The Wynntown Marshals “After All These Years” (Independent, 2017)

After almost ten years since their formation and three full length albums as well as countless EP’s into their career, The Wynntown Marshals have decided to stop and celebrate their output in the form of half-retrospective, half-greatest hits ‘After All These Years’ whilst treating us to two new tracks and a re-recorded version of an older track with the groups most current line-up.

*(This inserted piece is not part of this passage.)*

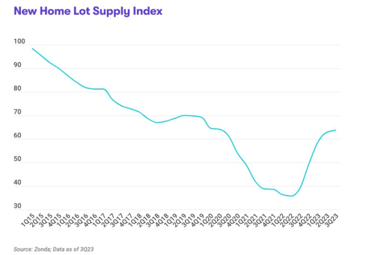 Zonda’s New Home Lot Supply Index showed 62.4% more lots were available in the third quarter compared with the same quarter a year ago. The index is back to mid-to-late 2020 levels, before the pandemic-related feeding frenzy saw vacant lots snapped up as soon as they were available.
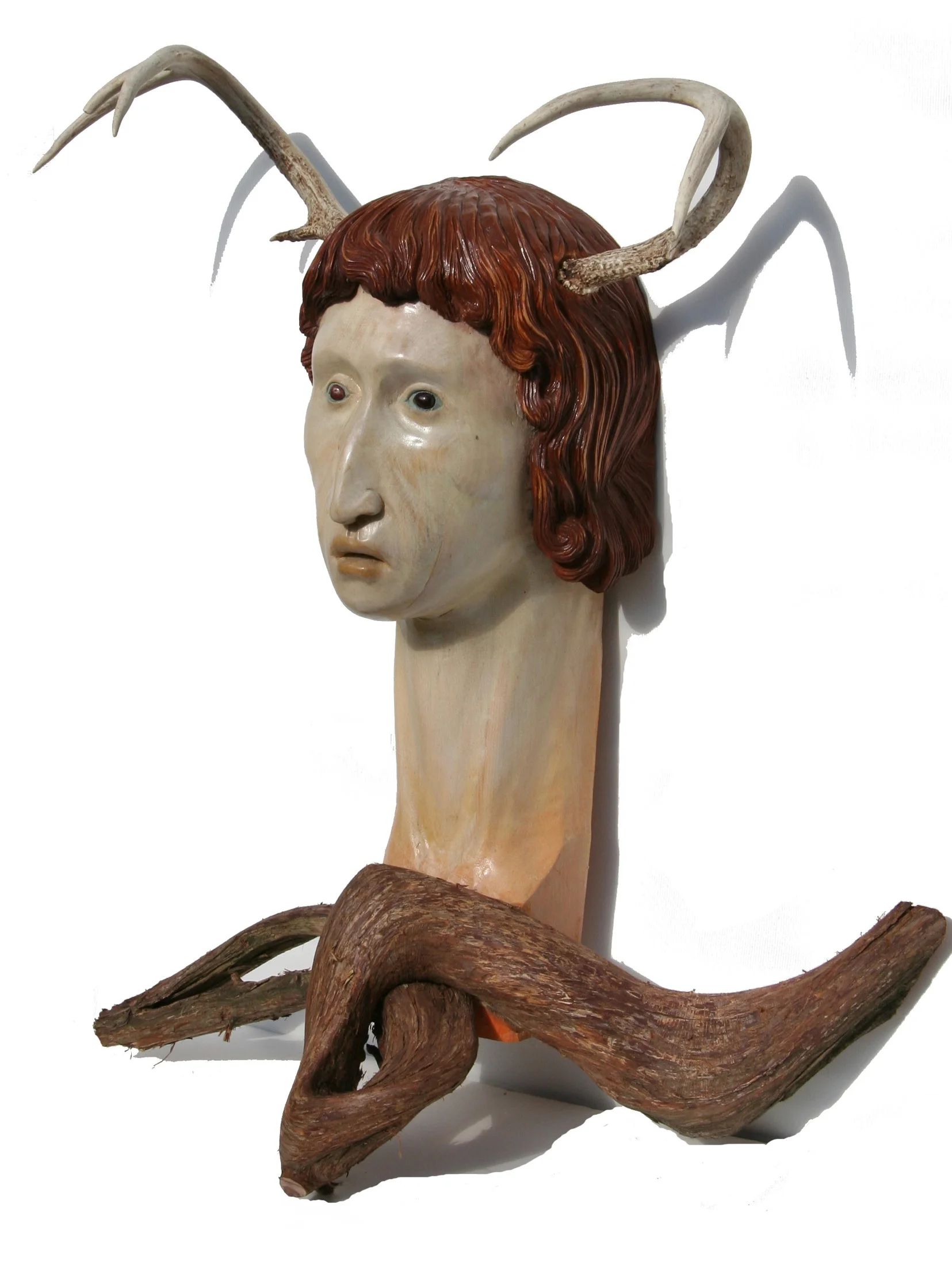 Basswood, paint, deer horns. 52” x 35” x 10”

The group kick off the compilation with a number of high energy tracks, Low Country Comedown from 2013’s ‘The Long Haul’ and Red Clay Hill from their 2015 release ‘The End of The Golden Age’ are both brilliant introductions to the band for new listeners and a good way to remind fans what makes them so special – brilliant vocal harmonies, simple yet imagery evoking lyrics from vocalist Keith Benzie and some brilliant musicianship on offer from the steady backbeat to the complementing electric guitar twang heard throughout, each member adds something to make the songs their own without overcrowding things which is a pattern that emerges throughout the entirety of ‘After All These Years’. The first of the new tracks on offer is Your Time and fits seamlessly into the first part of the record maintaining the flow and introducing the organ skills of Ritchie Noble to bring an extra dimension to their already established sound.

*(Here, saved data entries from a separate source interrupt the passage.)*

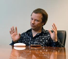 Генеральный директор компании "Мегалайнер Рекордз" Антон Гришин во время интервью.
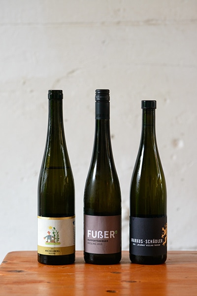 右からマルクスさん、ゲオルグさん、ヤンさんのワイン。
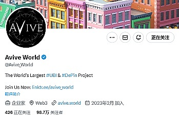 Avive World是一个去**的社交平台项目,目前推特关注人数为98.7万,官方介绍其用户来自130多个**和20,000多个城市,号称是世界上**的**持有者社区。Avive World的愿景是致力于建立一个自由、平等、开放的世界。在这个世界,每个人都享有话语权,没有特权人士垄断,没有社会地位差别,也没有社会贫富差距,倡导权力下放、公平和自由。Avive World**独特之处在于创建了 一套计算不同用户收益的规则,这套规则综合考虑了用户的网络影响力、真实世界地理位置以及所持有资产的因素,以此来达到和维持所谓的自由、平等、开放的目的,这套机制称为网络共识证明(Proof of Networking,PON)。
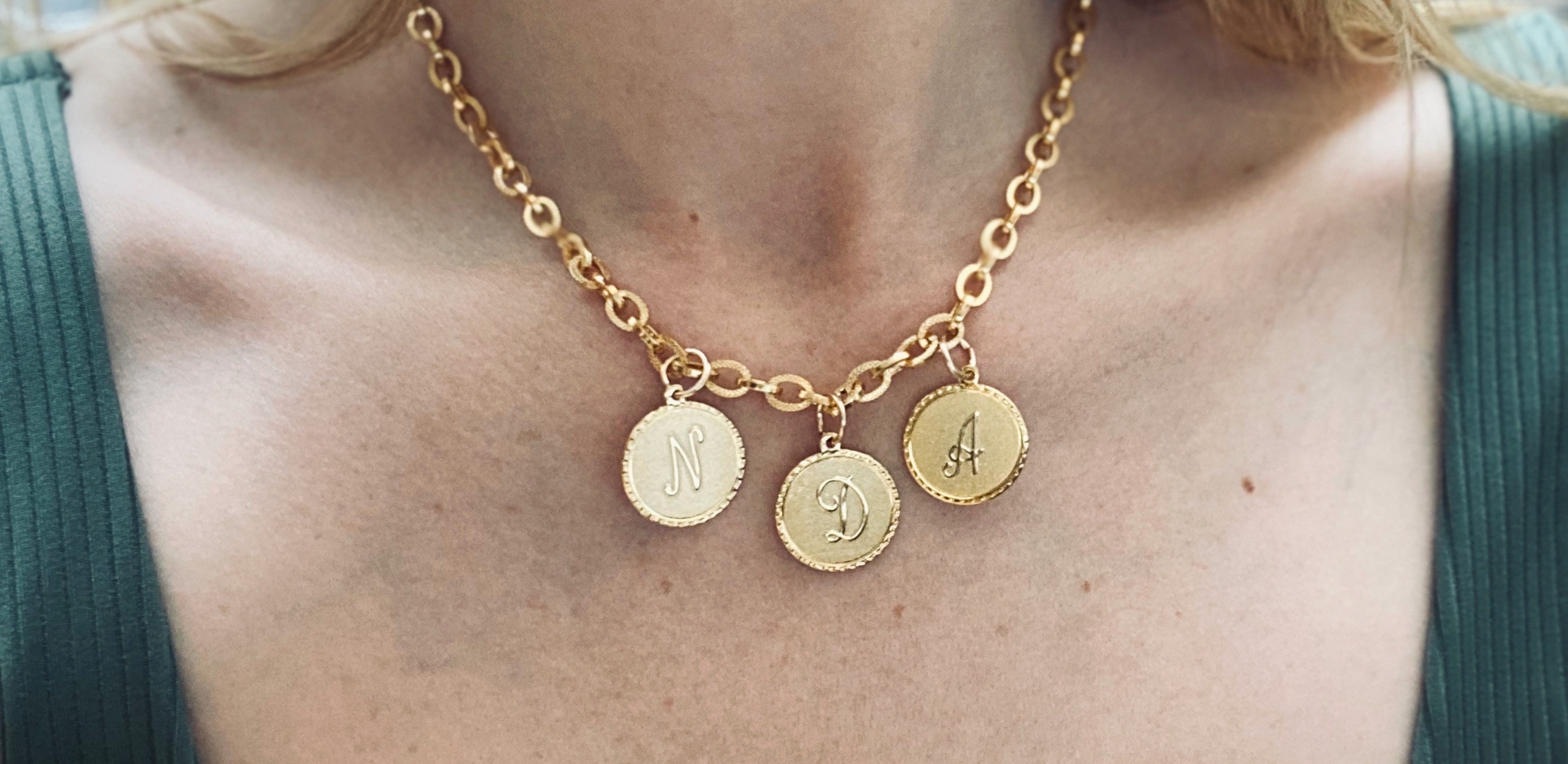 Collier personnalisable avec 1, 2 ou 3 médailles initiales.
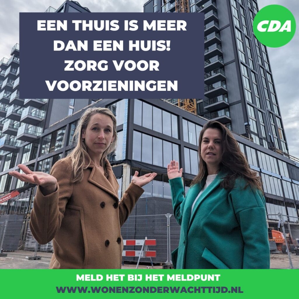 In het hele land ligt de focus op het bouwen van huizen. Die zijn ook hard nodig. Tegelijk zien we dat bij veel bouwplannen onvoldoende rekening wordt gehouden met voorzieningen. Een huis is nog geen thuis. Dat wordt het pas als je in je buurt terecht kan op de kinderopvang of school, bij de huisarts of op de sportvereniging. Het CDA vindt dat voorzieningen net zo belangrijk zijn als de huizen die gebouwd moeten worden. Iedereen heeft recht op wonen zonder wachttijd voor voorzieningen.

From here on the album continues in the same vein with upbeat, power-pop songs from their impressive catalogue until we reach the second of the new tracks, Odessa, which is an absolute blinder of a song. The song starts with an acoustic guitar and simple vocal and then the band slowly come in; beginning with the organ then an obscenely well placed electric guitar lick, the track is a masterclass in how to write a ballad. This followed by the historically accurate 11:15 about legendary floods and storms ravaging Scotland back in the 1800’s is where the collection really hits its peak and serves to demonstrate how diverse the group can be both in terms of lyrical content and stylistically.

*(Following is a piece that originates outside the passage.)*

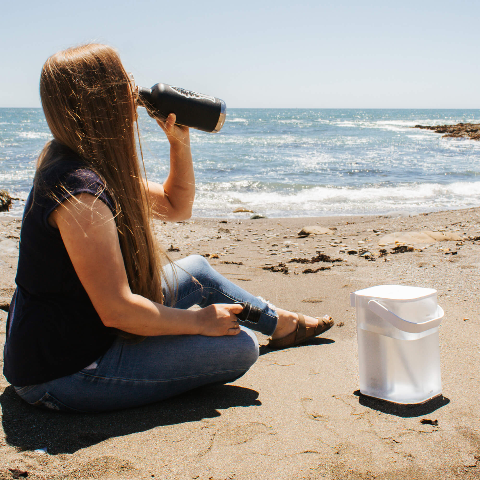 2. Please charge the system by inserting a 5V/2A USB cable into the charging port on the side surface of the water pumping unit. (Note: Please use a 5V/2A power adapter plug to charge it. If the charging current is smaller than 2A, the charging time will be prolonged accordingly. The expected charging time may last 4-5 hours, and this system can be used while being charged.
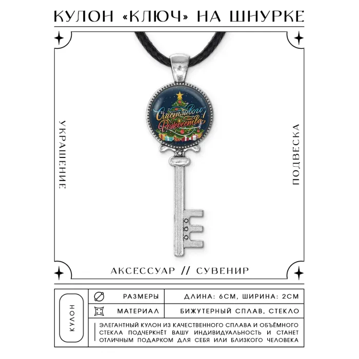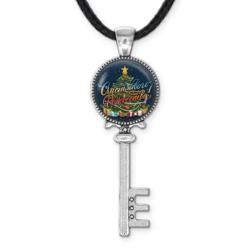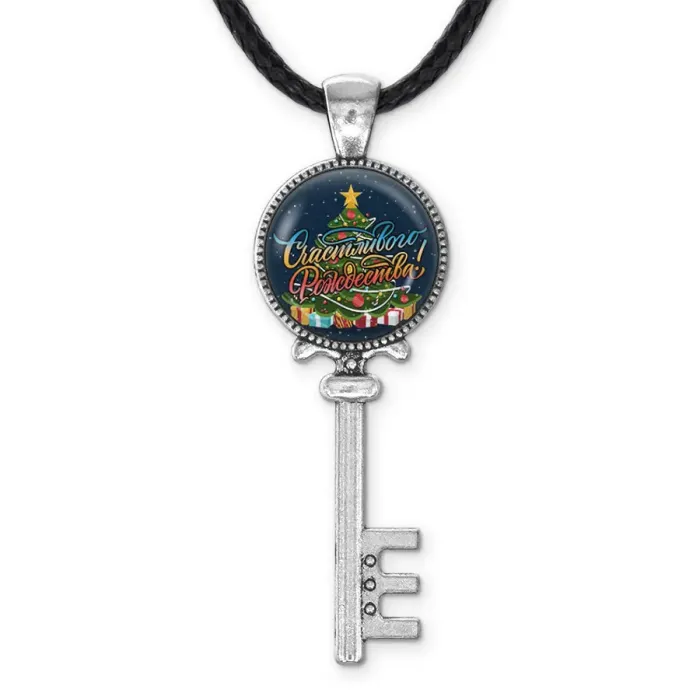 Кулон «Ключ Счастливого Рождества» из бижутерного сплава с покрытием под серебро. Изображение защищено выпуклой стеклянной линзой.

Towards the end of the disc, the re-recorded Different Drug breathes new life into one of the groups older songs (the originally was on their first EP back in 2008) and production aside, although not too different from the original, in close comparison, there is a stronger sense of purpose and confidence in the new version that hints at a band that has not only grown more comfortable with their sound as their career has moved on but also, a sense of comfort with their current line-up and the way they gel. Alongside the other two newly recorded tracks, if this is any indication of what is to come from their future releases, then the only way is up for the group.

‘After All These Years’ is an essential collection for both old fans needing something to tide them over until their next release and new fans looking to explore some of the band’s definitive work and overall, shows why the Scottish group are worthy of their unofficial title of ‘Europe’s Best Americana Band’.